=== THE TASK ===
Here is the task for the listing below: output exactly the lines from the one containing "FIG. 3. Boettcherisca" through the one containing "ISLAMABAD: Avendor displaying", and leave out the pictures.

Start of Block

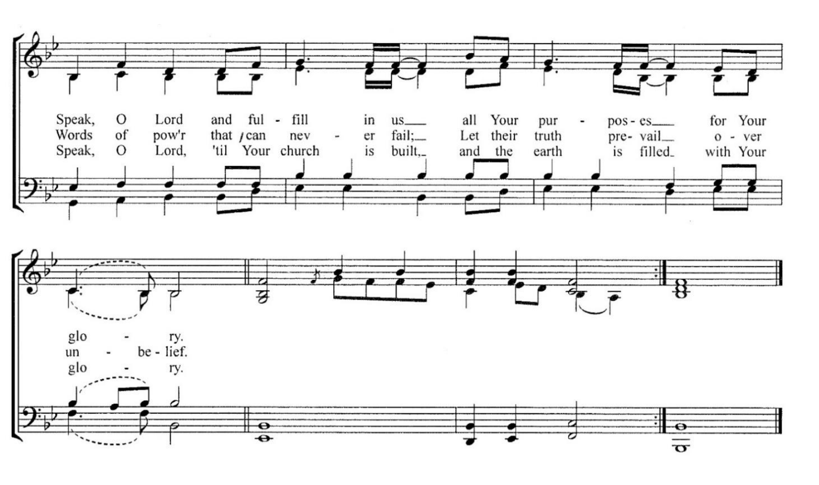
Words & Music: Keith Getty & Stuart Townend © 2005 Thankyou Music. Administration by Capitol CMG Publishing. All rights reserved. Used by permission. CCLI # 4615235
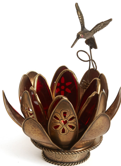
The flower of Compassion
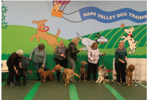
Wednesday 10 AM Adolescent
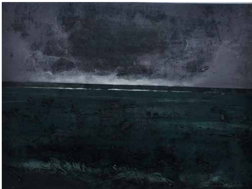
Just the moment Hulhumale, Md. Tarikat Islam, Acrylic on Canvas, 36" x 48"
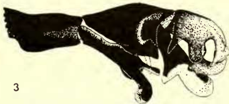
FIG. 3. Boettcherisca (Coeisca) khasiensis S.W., Phallosome.

EAST NEPAL: Taplejung Distr., edge of mixed forest above Sangu, c. 6,500 ft, 17.x–1.xi. 1961, 1 ♂.
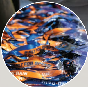
Sponsored lanyards at the 2018 Irrigation Show
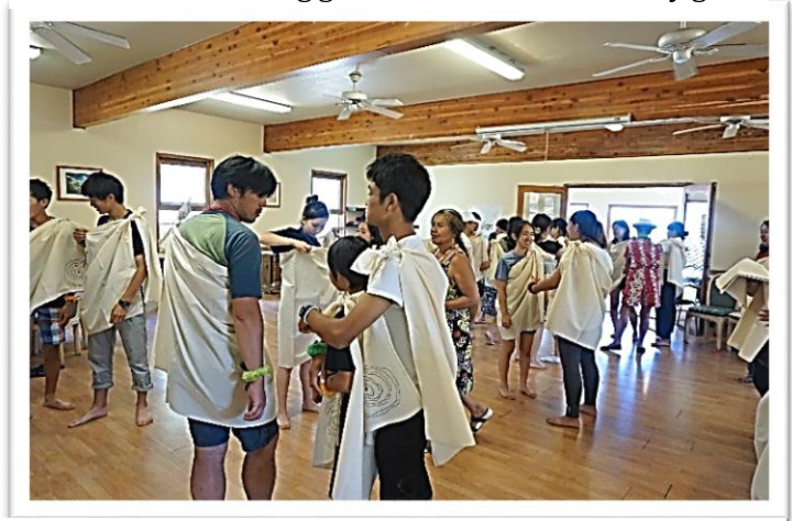
HCCW prepared k\bar{i}hei for the students and chaperones alike for their visit to Kūkaniloko. Here they learned to tie their k\bar{i}hei on each other, then practiced presentation.
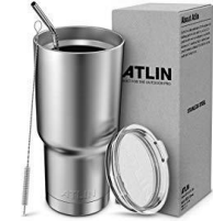
Atlin Tumbler [30 oz. Double Wall Stainless Steel Vacuum Insulation] Travel Mug [Crystal Clear...]
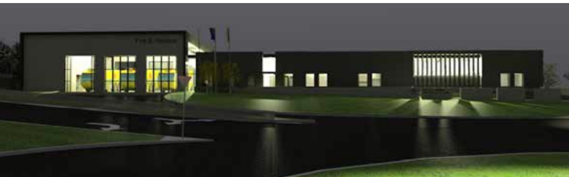
Artist impression of South Tuggeranong Station

Subject to ACT Government budgetary and statutory approvals, the ESA plans to deliver emergency service improvements to the ACT in four phases.
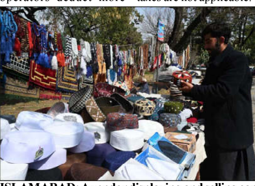
ISLAMABAD: Avendor displaying and selling caps to attract the customers at his roadside setup.

The Chairman PEW said that there were some underdeveloped areas in
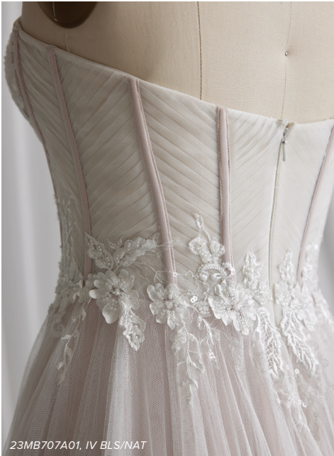
23MB707A01, IV BLS/NAT
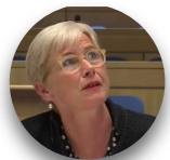
Bente Mikkelsen , Director, NCD Department, UCN, WHO

“Although NCDs wind up in the health system, their determinants are driven by sectors well beyond the health sector. Achieving policy coherence is an incredibly hard task and leadership at the highest political level is undoubtedly required to push for action and accountability across all sectors of government.”
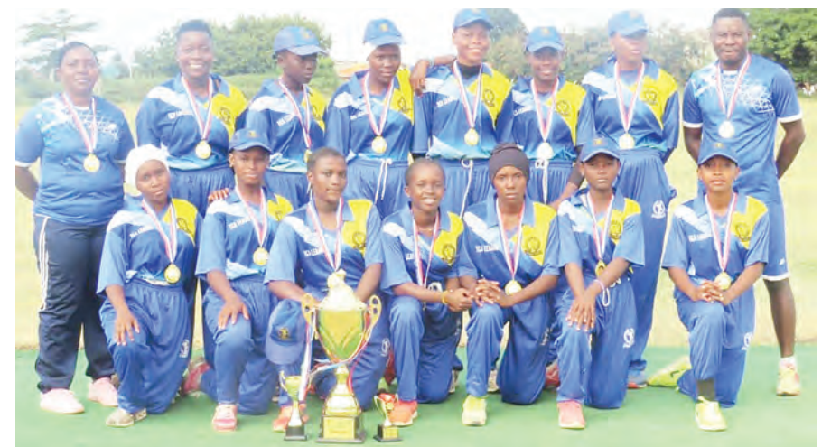
Tanga Women Combine's cricketers pictured with a trophy after completion of the 2021 National Women T20 Championship, which took place in Tanga from June 18-27. Tanga Women Combine lifted the tournament silverware, edging Dar Women Combine by five runs in the final.

End of Block

=== EXERCISE SOLUTION ===
FIG. 3. Boettcherisca (Coeisca) khasiensis S.W., Phallosome.

EAST NEPAL: Taplejung Distr., edge of mixed forest above Sangu, c. 6,500 ft, 17.x–1.xi. 1961, 1 ♂.
Sponsored lanyards at the 2018 Irrigation Show
HCCW prepared k\bar{i}hei for the students and chaperones alike for their visit to Kūkaniloko. Here they learned to tie their k\bar{i}hei on each other, then practiced presentation.
Atlin Tumbler [30 oz. Double Wall Stainless Steel Vacuum Insulation] Travel Mug [Crystal Clear...]
Artist impression of South Tuggeranong Station

Subject to ACT Government budgetary and statutory approvals, the ESA plans to deliver emergency service improvements to the ACT in four phases.
ISLAMABAD: Avendor displaying and selling caps to attract the customers at his roadside setup.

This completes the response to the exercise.